-- Task prompt --
Exactly the lines below, starting with the one containing "Encourage your toddler" and going on through the one containing "Southern Belle Quilt Pattern View", must be reproduced, both ends included, and no pictures with them.

-- Listed entries --
····················
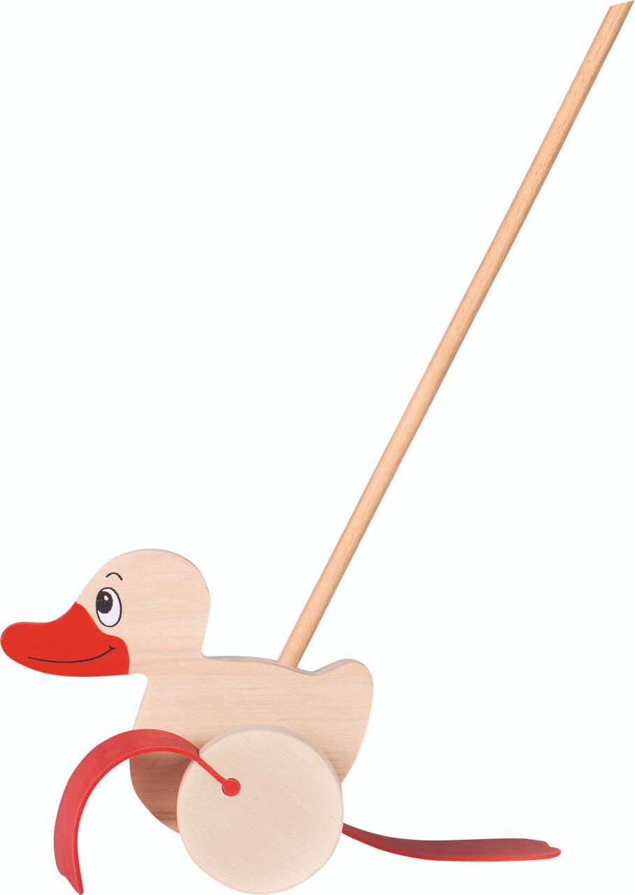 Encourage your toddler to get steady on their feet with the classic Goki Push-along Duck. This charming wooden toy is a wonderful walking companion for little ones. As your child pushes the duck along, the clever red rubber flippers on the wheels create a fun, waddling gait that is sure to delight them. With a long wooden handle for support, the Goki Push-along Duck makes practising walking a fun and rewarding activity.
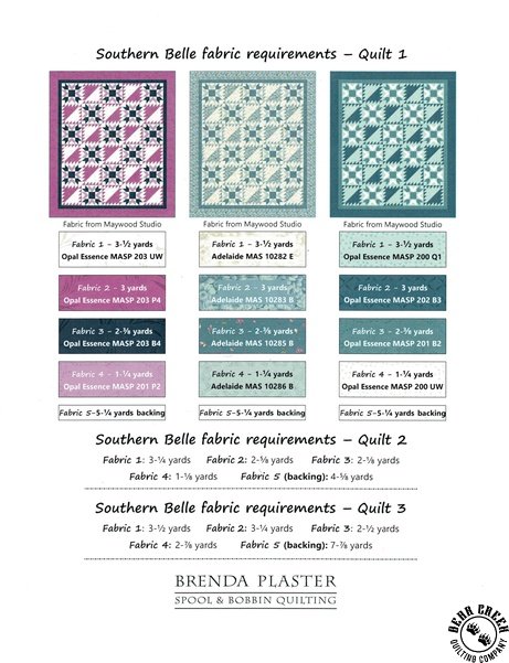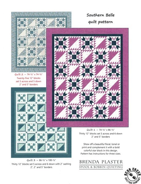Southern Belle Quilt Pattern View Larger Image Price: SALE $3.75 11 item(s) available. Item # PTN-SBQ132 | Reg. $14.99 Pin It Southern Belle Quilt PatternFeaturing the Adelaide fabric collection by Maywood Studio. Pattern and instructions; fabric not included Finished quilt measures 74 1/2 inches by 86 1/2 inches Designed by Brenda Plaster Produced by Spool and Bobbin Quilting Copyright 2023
····················
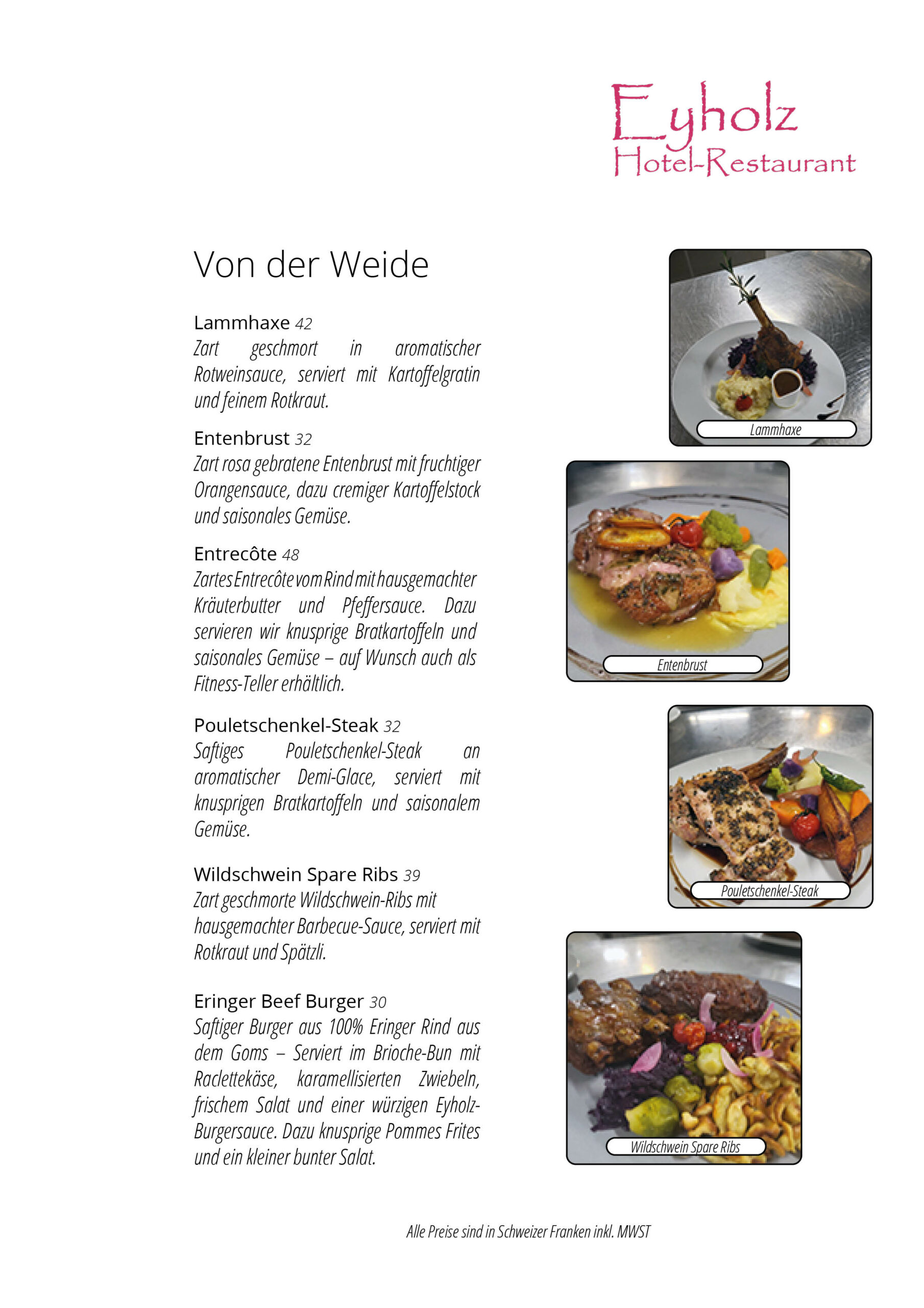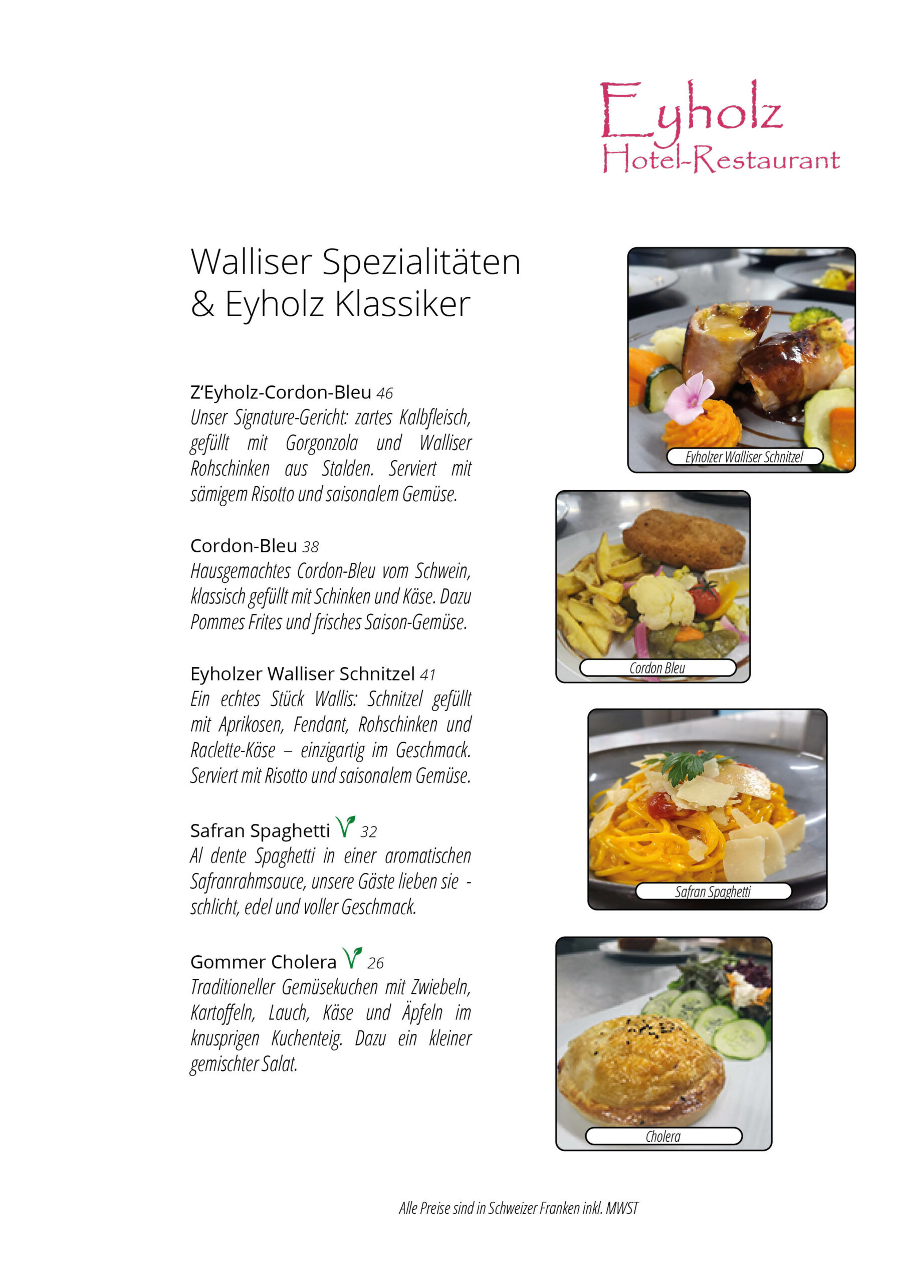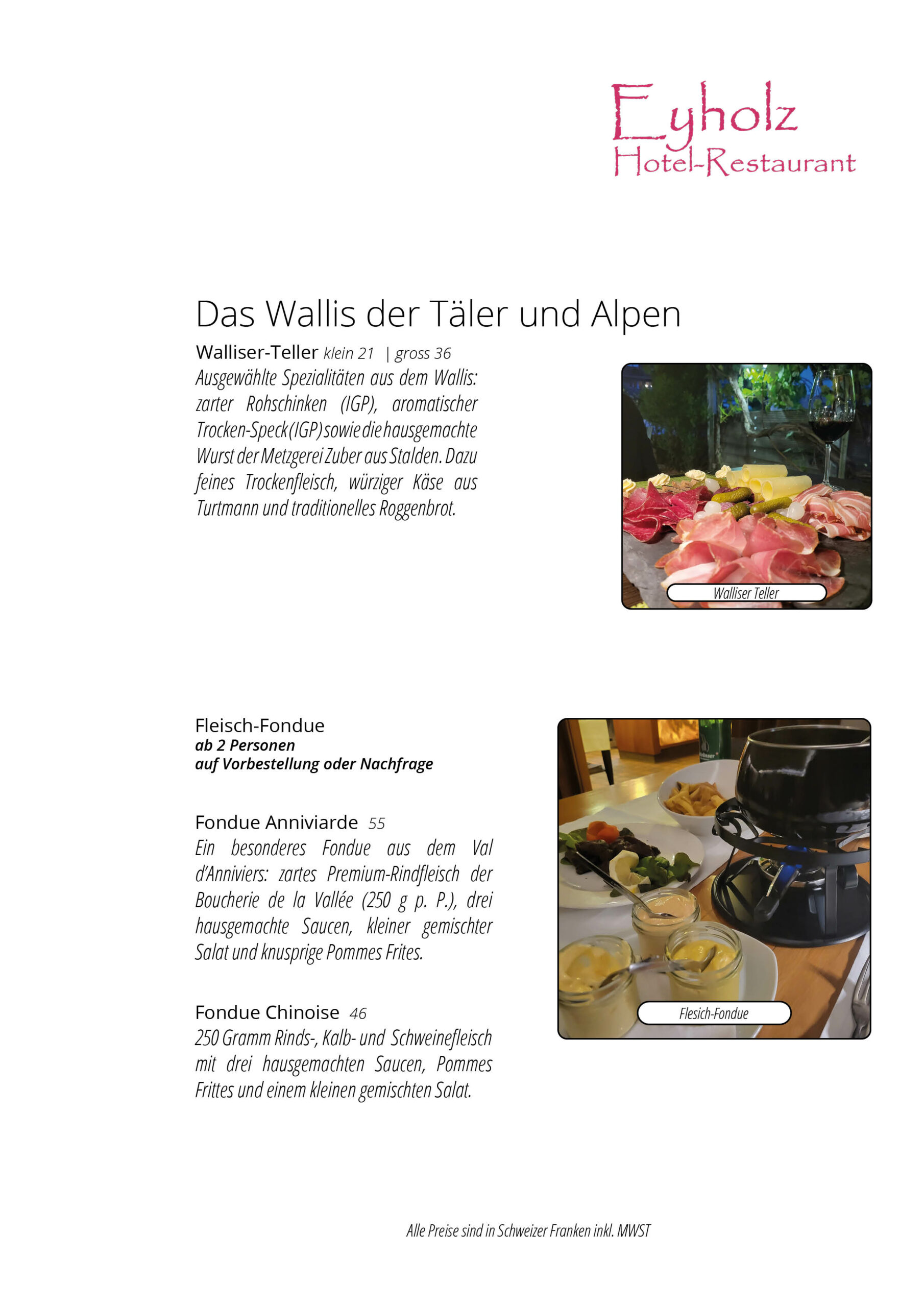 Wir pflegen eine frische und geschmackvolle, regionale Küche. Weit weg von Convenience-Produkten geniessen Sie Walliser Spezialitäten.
····················
-- Finished exercise --
 Encourage your toddler to get steady on their feet with the classic Goki Push-along Duck. This charming wooden toy is a wonderful walking companion for little ones. As your child pushes the duck along, the clever red rubber flippers on the wheels create a fun, waddling gait that is sure to delight them. With a long wooden handle for support, the Goki Push-along Duck makes practising walking a fun and rewarding activity.
Southern Belle Quilt Pattern View Larger Image Price: SALE $3.75 11 item(s) available. Item # PTN-SBQ132 | Reg. $14.99 Pin It Southern Belle Quilt PatternFeaturing the Adelaide fabric collection by Maywood Studio. Pattern and instructions; fabric not included Finished quilt measures 74 1/2 inches by 86 1/2 inches Designed by Brenda Plaster Produced by Spool and Bobbin Quilting Copyright 2023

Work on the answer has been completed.